§ **Exercise details**: Please, without the pictures, restate every entry exactly.
----- Material provided
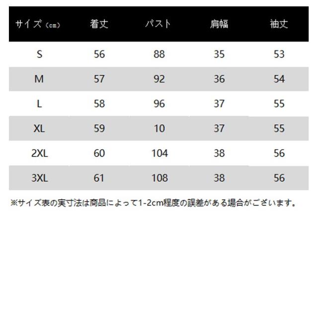| サイズ | S M L XL 2XL 3XL |
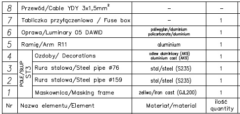 Latarnia ST3/68, hc-4500 - słup + przewody + wysięgnik R11 + oprawa 05/E27 x
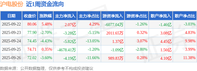 沪深股通持股方面,截止2025年9月26日收盘,沪电股份深股通持股数为8586.63万股,占流通股比为449.0%。
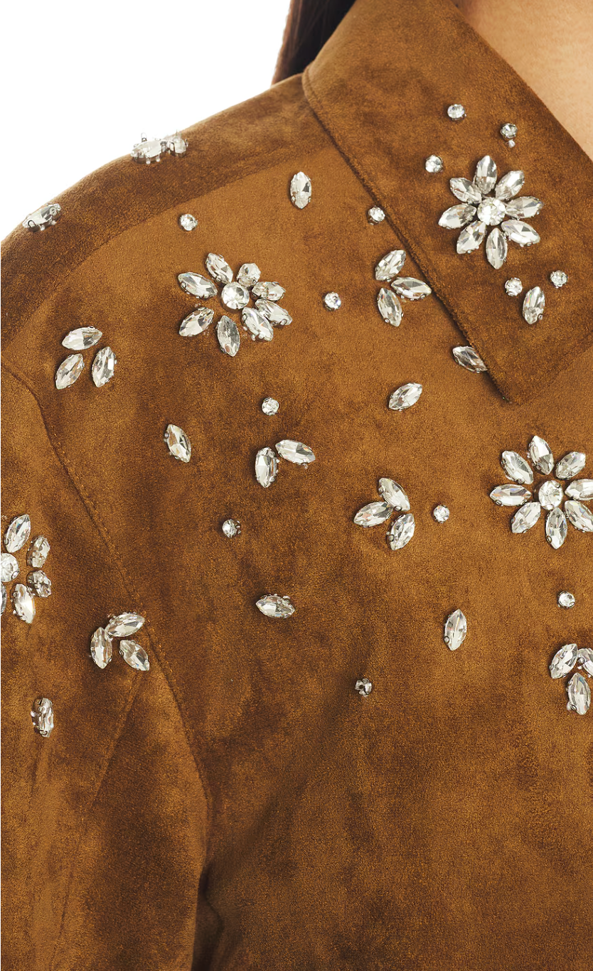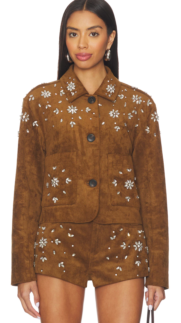 Blank NYC Cropped Faux Suede Embellished Blazer
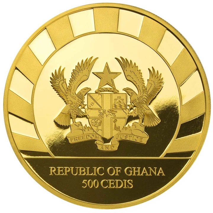 La pièce d'or Ghana : Giants of the Ice Age - Lion des cavernes 1 once d'or 2022 est la huitième et dernière pièce de la série Giants of the Ice Age (Les géants de l'ère glaciaire). La série présente une sélection d'animaux de l'ère glaciaire. La collection complète se compose de 8 pièces, chacune représentant un animal différent. La série comprend des pièces telles que le mammouth laineux, le cerf géant, le tigre à dents de sabre, l'ours des cavernes, le rhinocéros laineux, le taureau, le renne et le lion des cavernes. La pièce de 2022 représente un lion des cavernes. Elle a été frappée en or pur Au.9999, d'un poids de 1 once troy. Elle a été frappée par le fabricant allemand Leipziger Edelmetallverarbeitung. Cette pièce est également un moyen de paiement à part entière et bénéficie de la garantie du gouvernement ghanéen. L'avers de la pièce en or représente les armoiries du Ghana, l'inscription « REPUBLIC OF GHANA » et la valeur nominale de la pièce. Le revers représente un lion des cavernes, la gueule ouverte. De plus, le revers comporte les images de tous les animaux qui composent la série, ainsi que des informations sur l'année d'émission, le poids de la pièce, le titre du métal utilisé et le numéro de frappe.Fabricant
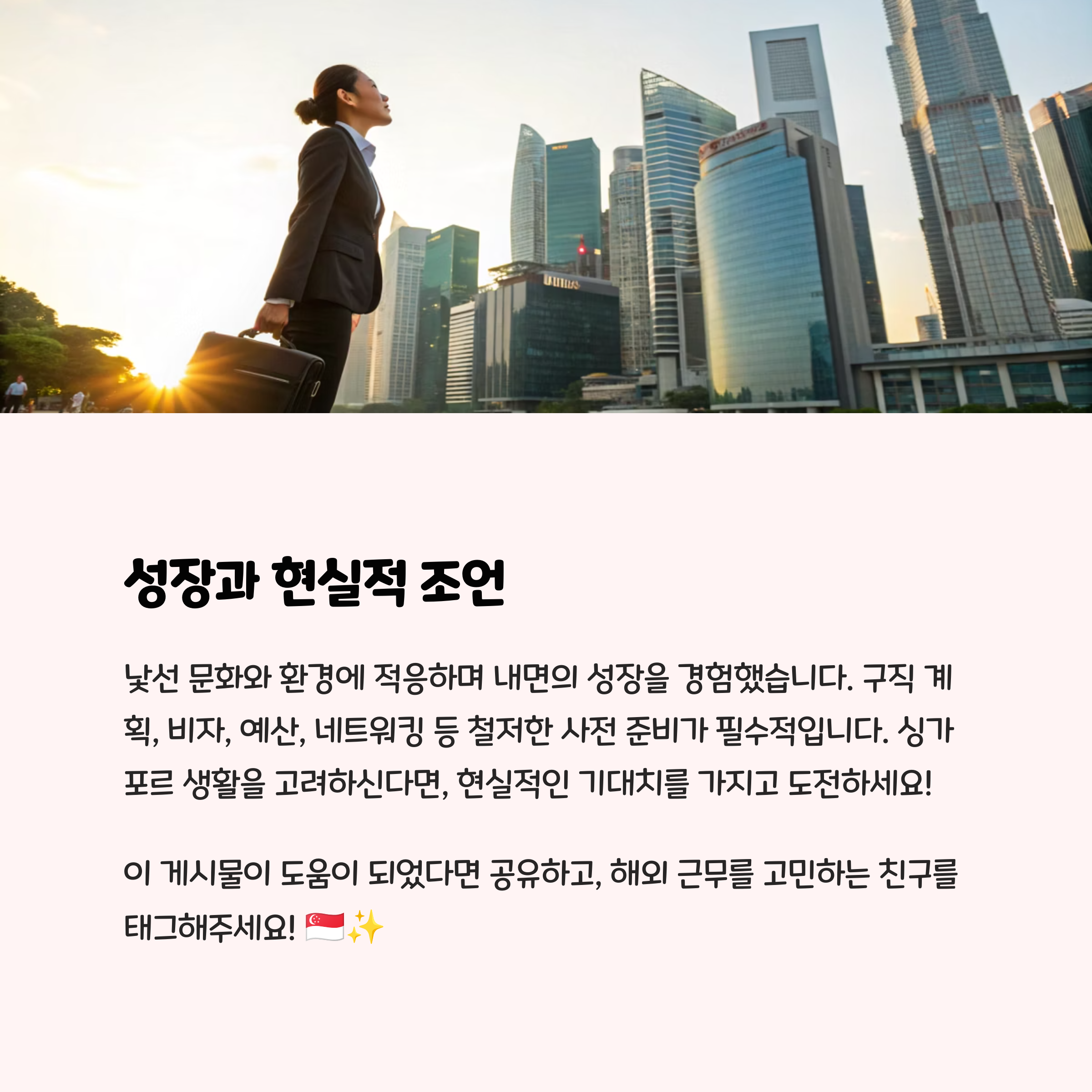 싱가포르에서의 3개월은 한마디로 '짧지만 강렬한 성장의 시간'이었습니다. 새로운 환경에서 일하고 살아가는 동안 낯선 문화 속에서 나를 이해하고 사람들과 소통하는 법을 배웠습니다. 이 글을 통해 누군가의 첫 해외 체류에 용기와 현실적인 도움을 줄 수 있기를 바랍니다. 누구든 도전할 수 있습니다. 단 한 걸음이 인생을 바꾸는 출발점이 되니까요.
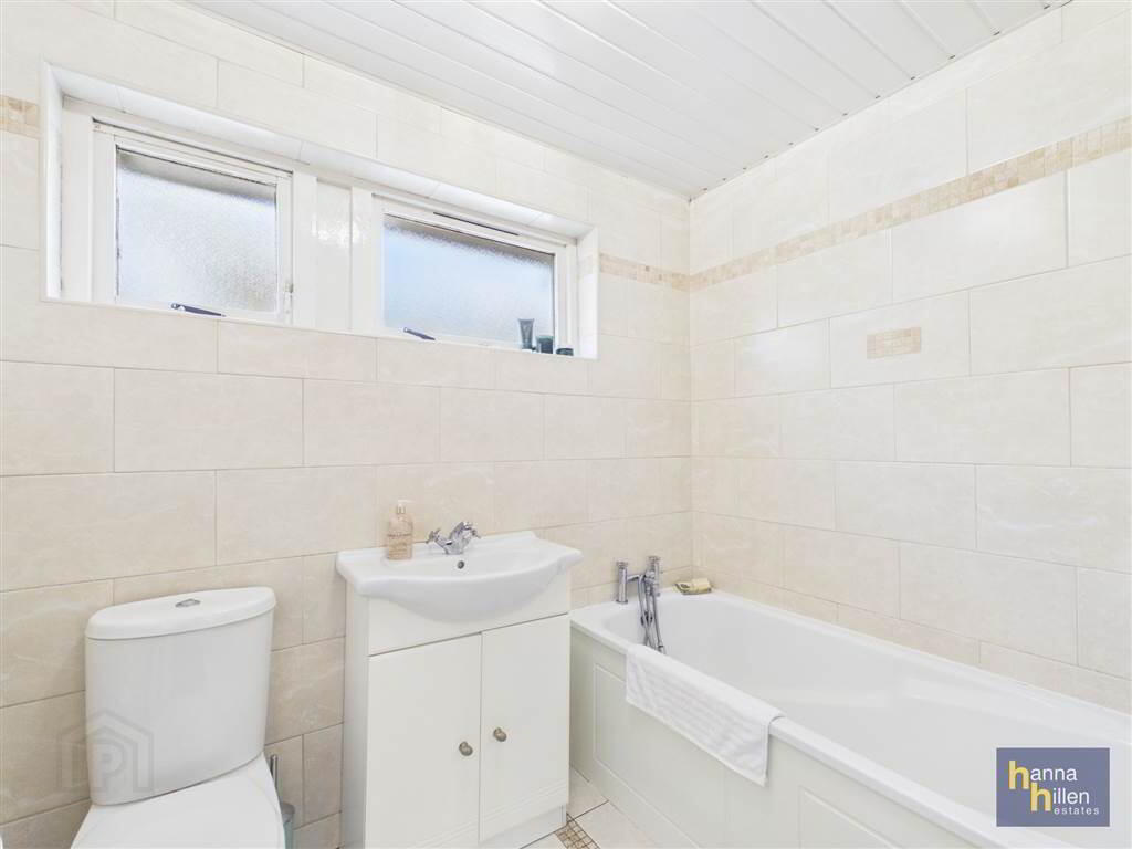 White suite. Vanity unit under sink. Hot-press, Tiled walls and floor. Radiator.
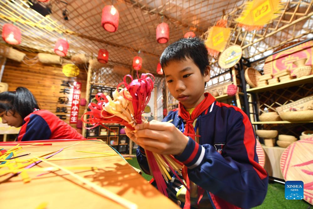 A student practices the bamboo weaving skill at Nandu primary school in Cenxi City, south China's Guangxi Zhuang Autonomous Region, Nov. 28, 2023. As a local intangible cultural heritage, the bamboo weaving skill was introduced to Nandu primary school in recent years, which enriched the extracurricular activities of the students. (Xinhua/Huang Xiaobang)
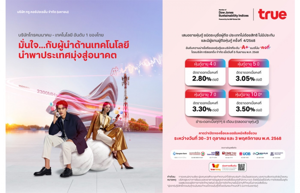 เมื่อวันที่ 20 ตุลาคม 2568 นางสาวยุภา ลีวงศ์เจริญ หัวหน้าคณะผู้บริหารด้านการเงิน (ร่วม) บริษัท ทรู คอร์ปอเรชั่น จำกัด (มหาชน) หรือ TRUE เปิดเผยว่า บริษัทมุ่งสร้างเสถียรภาพทางการเงิน ควบคู่กับการเติบโตอย่างต่อเนื่องและยั่งยืน ด้วยการออกหุ้นกู้ใหม่ 4 ชุด อายุตั้งแต่ตั้งแต่ 4 ปี ถึง 10 ปี มอบผลตอบแทนที่มั่นคงและสม่ำเสมอ เป็นโอกาสดีที่จะล็อคผลตอบแทนก่อนที่อัตราดอกเบี้ยจะลดลงพร้อมเปิดโอกาสให้นักลงทุนได้ร่วมเป็นส่วนหนึ่งของการเติบโตในระยะยาวของทรู โดยการออกหุ้นกู้ครั้งนี้เป็นส่วนหนึ่งของการบริหารโครงสร้างทางการเงินให้มีประสิทธิภาพยิ่งขึ้น พร้อมเสริมศักยภาพในการขยายธุรกิจและนวัตกรรมในอนาคต หุ้นกู้ทรูถือเป็นโอกาสการลงทุนที่โดดเด่น มั่นคง ให้ผลตอบแทนที่ดี พร้อมก้าวไปกับองค์กรโทรคมนาคมเทคโนโลยีชั้นนำของประเทศ ที่ได้รับความไว้วางใจจากนักลงทุนมาโดยตลอด
----------
§ **Task output**:
| サイズ | S M L XL 2XL 3XL |
 Latarnia ST3/68, hc-4500 - słup + przewody + wysięgnik R11 + oprawa 05/E27 x
 沪深股通持股方面,截止2025年9月26日收盘,沪电股份深股通持股数为8586.63万股,占流通股比为449.0%。
 Blank NYC Cropped Faux Suede Embellished Blazer
 La pièce d'or Ghana : Giants of the Ice Age - Lion des cavernes 1 once d'or 2022 est la huitième et dernière pièce de la série Giants of the Ice Age (Les géants de l'ère glaciaire). La série présente une sélection d'animaux de l'ère glaciaire. La collection complète se compose de 8 pièces, chacune représentant un animal différent. La série comprend des pièces telles que le mammouth laineux, le cerf géant, le tigre à dents de sabre, l'ours des cavernes, le rhinocéros laineux, le taureau, le renne et le lion des cavernes. La pièce de 2022 représente un lion des cavernes. Elle a été frappée en or pur Au.9999, d'un poids de 1 once troy. Elle a été frappée par le fabricant allemand Leipziger Edelmetallverarbeitung. Cette pièce est également un moyen de paiement à part entière et bénéficie de la garantie du gouvernement ghanéen. L'avers de la pièce en or représente les armoiries du Ghana, l'inscription « REPUBLIC OF GHANA » et la valeur nominale de la pièce. Le revers représente un lion des cavernes, la gueule ouverte. De plus, le revers comporte les images de tous les animaux qui composent la série, ainsi que des informations sur l'année d'émission, le poids de la pièce, le titre du métal utilisé et le numéro de frappe.Fabricant
 싱가포르에서의 3개월은 한마디로 '짧지만 강렬한 성장의 시간'이었습니다. 새로운 환경에서 일하고 살아가는 동안 낯선 문화 속에서 나를 이해하고 사람들과 소통하는 법을 배웠습니다. 이 글을 통해 누군가의 첫 해외 체류에 용기와 현실적인 도움을 줄 수 있기를 바랍니다. 누구든 도전할 수 있습니다. 단 한 걸음이 인생을 바꾸는 출발점이 되니까요.
 White suite. Vanity unit under sink. Hot-press, Tiled walls and floor. Radiator.
 A student practices the bamboo weaving skill at Nandu primary school in Cenxi City, south China's Guangxi Zhuang Autonomous Region, Nov. 28, 2023. As a local intangible cultural heritage, the bamboo weaving skill was introduced to Nandu primary school in recent years, which enriched the extracurricular activities of the students. (Xinhua/Huang Xiaobang)
 เมื่อวันที่ 20 ตุลาคม 2568 นางสาวยุภา ลีวงศ์เจริญ หัวหน้าคณะผู้บริหารด้านการเงิน (ร่วม) บริษัท ทรู คอร์ปอเรชั่น จำกัด (มหาชน) หรือ TRUE เปิดเผยว่า บริษัทมุ่งสร้างเสถียรภาพทางการเงิน ควบคู่กับการเติบโตอย่างต่อเนื่องและยั่งยืน ด้วยการออกหุ้นกู้ใหม่ 4 ชุด อายุตั้งแต่ตั้งแต่ 4 ปี ถึง 10 ปี มอบผลตอบแทนที่มั่นคงและสม่ำเสมอ เป็นโอกาสดีที่จะล็อคผลตอบแทนก่อนที่อัตราดอกเบี้ยจะลดลงพร้อมเปิดโอกาสให้นักลงทุนได้ร่วมเป็นส่วนหนึ่งของการเติบโตในระยะยาวของทรู โดยการออกหุ้นกู้ครั้งนี้เป็นส่วนหนึ่งของการบริหารโครงสร้างทางการเงินให้มีประสิทธิภาพยิ่งขึ้น พร้อมเสริมศักยภาพในการขยายธุรกิจและนวัตกรรมในอนาคต หุ้นกู้ทรูถือเป็นโอกาสการลงทุนที่โดดเด่น มั่นคง ให้ผลตอบแทนที่ดี พร้อมก้าวไปกับองค์กรโทรคมนาคมเทคโนโลยีชั้นนำของประเทศ ที่ได้รับความไว้วางใจจากนักลงทุนมาโดยตลอด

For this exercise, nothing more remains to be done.